Abstract:
In South Africa, a number of BRT systems are currently either in the planning stage, detail
design and construction stage or operational. Cities such as Cape Town, Tshwane,
Johannesburg, Bloemfontein, Polokwane, Rustenburg, Nelson Mandela Bay and Durban are
currently in some BRT development or operational stage. These systems are being
implemented at much lower passenger demand than in the majority of developing nations
(Hensher & Golob, 2008), (City of Cape Town, 2012), (Rea Vaya, 2009), (Botha et. al., 2013).

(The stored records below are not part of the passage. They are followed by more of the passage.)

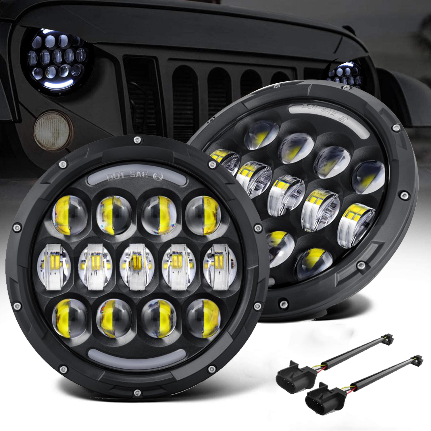 - 2Pcs x 7 inch LED Headlight
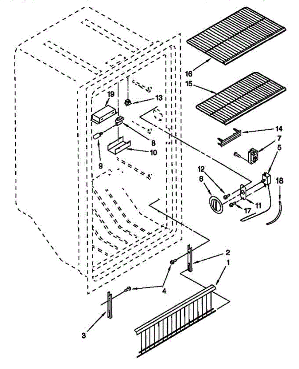 Interior support plate for freezers and refrigerators. Mounts inside the cabinet to hold shelving or components. Replace if cracked, broken, or missing.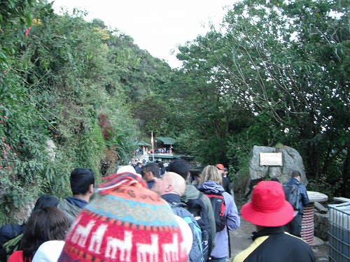 しかし!ワイナピチュ登り口で行列に並んで待っていると、「スタンプが無い人は駄目だよ」と。どうも遺跡入り口で先着400人にスタンプが押されるそうです。なるほど、だからスタンプを押してもらった人は余裕で写真を撮っていたんだな…。

Planning authorities in South Africa are required by the National Land Transport Act (NLTA) to
integrate all non-contracted services into a single public transport system (Republic of South
Africa, 2009). Current availability of funding through the Public Transport Infrastructure and
Systems grant (PTIS) and the Public Transport Operational Grant (PTOG), (Republic of South Africa, 2012), has made it possible for municipalities to plan, implement and operate such
systems.
No country possesses infinite funds to apply on the implementation and operation of public
transport systems. It is therefore important that an analysis should be done on bus based
infrastructure and operational alternatives. The incremental implementation of network wide
BRT like features, has however been proven to have greater benefit-cost ratios (Lindblom,
1979), rather than implementing a full BRT on a single line (Eddington, 2006), (Niles & Jerram,
2010), (Hitge & van Dijk, 2012) and (Hidalgo, c.a. 2006).
When the decision is made to implement a bus based public transport system, the planning
authority is faced with various questions. Two of the more critical questions faced are:
• What level of bus service should be implemented?
• What type of bus should be used?
The goal of this study therefore is, taking into consideration an incremental increase in
passenger demand, to find the optimum size of bus to use in combination with the extent of
public transport infrastructure to be implemented.
A model was created for this study in order to re-create a real life scheduled bus service for
each of the different variables. One of the variables used in this study is the type of bus, with a
single BRT bus, articulated bus and bi-articulated bus used in the model. Another variable used
in this study is the type of service, with a traditional bus service, operating in mixed traffic
(base case scenario), a London style bus lane service and a BRT service being used to populate
the model. Other variables include the level of traffic congestion experienced in the mixed lane
bus service and the passenger demand encountered on the public transport line.
Initially, the data obtained from the model shows, when compared to the same type of service,
a bi-articulated bus always has the best benefit-cost ratio. This is followed by an articulated
bus, with a single bus having the worst benefit-cost ratio. An increase in traffic only raises the
benefit-cost values, and does not alter the general trend of the services or buses.